Action item — Restate word for word the lines between the start of the material and the line with "下望大灣(左)與鹹田灣(右)", keeping both of those ends and none of the pictures.

Data block —
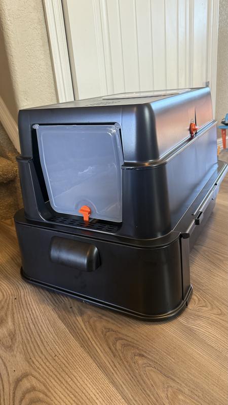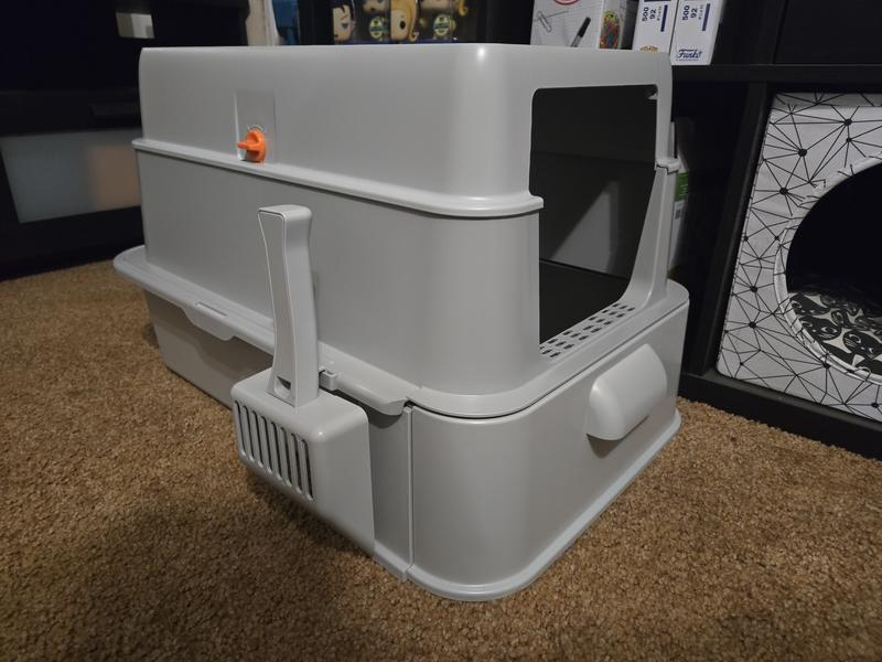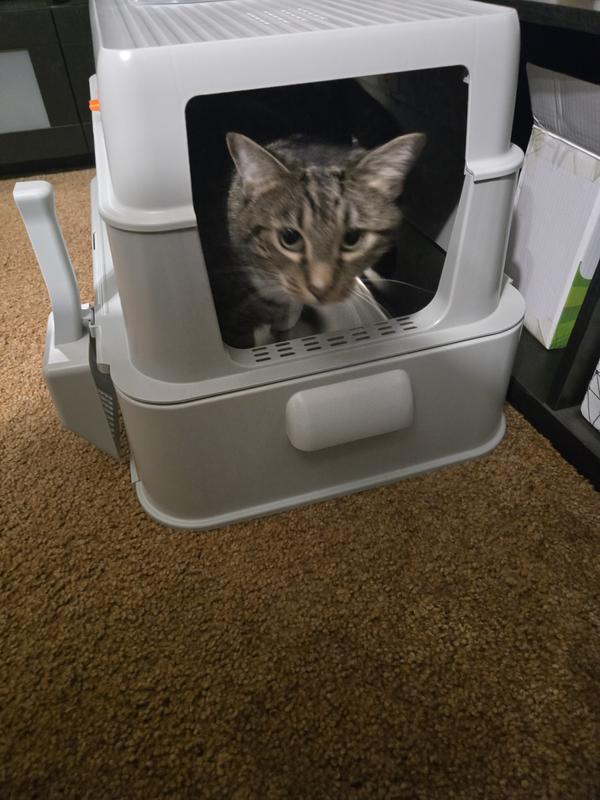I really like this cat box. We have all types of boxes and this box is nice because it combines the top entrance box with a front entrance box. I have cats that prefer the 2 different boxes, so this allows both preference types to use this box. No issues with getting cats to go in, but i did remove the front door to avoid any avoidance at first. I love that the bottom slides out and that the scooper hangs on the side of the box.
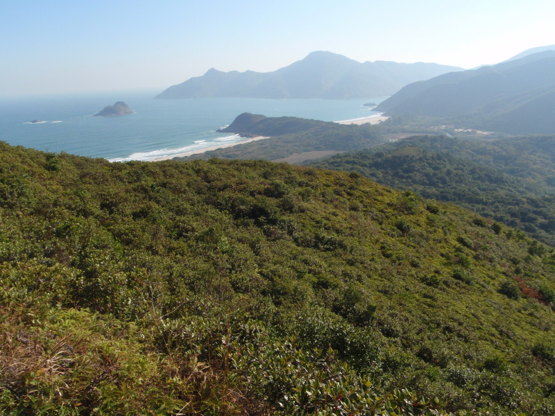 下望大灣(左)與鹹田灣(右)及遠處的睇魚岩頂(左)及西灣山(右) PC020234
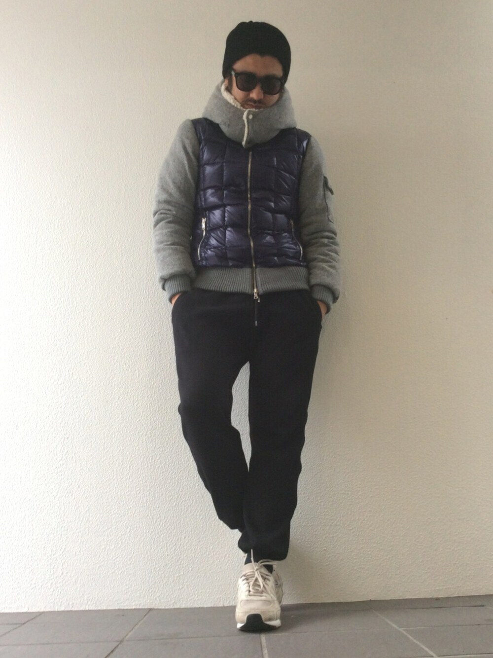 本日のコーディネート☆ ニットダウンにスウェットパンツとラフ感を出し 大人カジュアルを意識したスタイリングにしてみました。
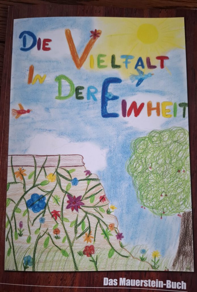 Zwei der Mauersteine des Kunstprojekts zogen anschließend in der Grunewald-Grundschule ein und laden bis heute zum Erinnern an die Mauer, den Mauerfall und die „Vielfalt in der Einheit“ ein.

Written response —
I really like this cat box. We have all types of boxes and this box is nice because it combines the top entrance box with a front entrance box. I have cats that prefer the 2 different boxes, so this allows both preference types to use this box. No issues with getting cats to go in, but i did remove the front door to avoid any avoidance at first. I love that the bottom slides out and that the scooper hangs on the side of the box.
 下望大灣(左)與鹹田灣(右)及遠處的睇魚岩頂(左)及西灣山(右) PC020234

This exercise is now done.